Tinney, long since retired, was out early that day, four or five a.m. on the anniversary of the battle, walking along a park road to check on reenactment groups camped on the grounds.
“As I was walking down the moon was still out and you could see just as the same as daylight. I noticed someone coming toward me. I thought it might be one of the reenactors but not knowing for certain I moved over to the other side of the road and the closer it came the more apprehensive I get. Because it didn’t look normal. It didn’t look human.”
When just a few feet away, “It turned to me,” he said. “I turned to it. When it turned to me it began to smile.” The grin on its face, Tinney stated, “said drop dead.”
As soon as they passed each other a car came around the bend, headlights blazing through the fog. Tinney walked backward to keep an eye on the figure, which “never looked back at me. After it got parallel with me it looked forward and it just kept looking up the road. It dissipated, it vanished. What happened to it?” The creature did not cross the road to his side or he would have seen it. It did not go into the woods on the other side because the underbrush was impenetrable. “Now where did he go?” Tinney asked. He did not know what it was, but it was definitely not of this world.
“Whatever this was had to be alive at one time because it walked,” he thought. ”This walked, just like you and I.”
Other witnesses swear that if the apparition makes eye contact, it will stare a witness down until it passes out of sight.
“Wherever there has been great suffering,” Tinney said, “people are always seeing strange things.”

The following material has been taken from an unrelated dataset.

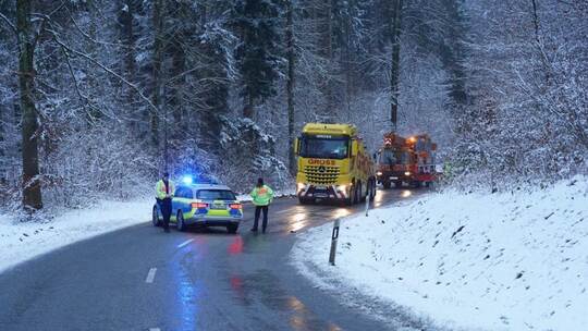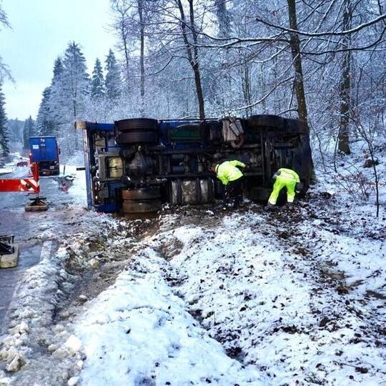 Lastwagen stürzt wegen Eisglätte nahe Heimsheim um

The monster has been spotted briefly by several rangers on night patrol, the green eyes passing in front of their vehicles and disappearing into a perpetual mist which is said to roll nightly over the battlefield, a phenomenon that is absent outside park grounds.
Yet another legend of Old Green Eyes comes from a battlefield monument to the 125th Ohio Infantry. Those men fought so bravely at Snodgrass Hill that their commander named them the Tiger Regiment. The unit lost 17 killed, 83 wounded, and five missing.
Atop the monument is a prowling stone tiger carved from stone. The ghostly green eyes are said to belong to the wild animal that patrols the hill at night seeking the regiment’s casualties, its emerald eyes glowing menacingly at visitors.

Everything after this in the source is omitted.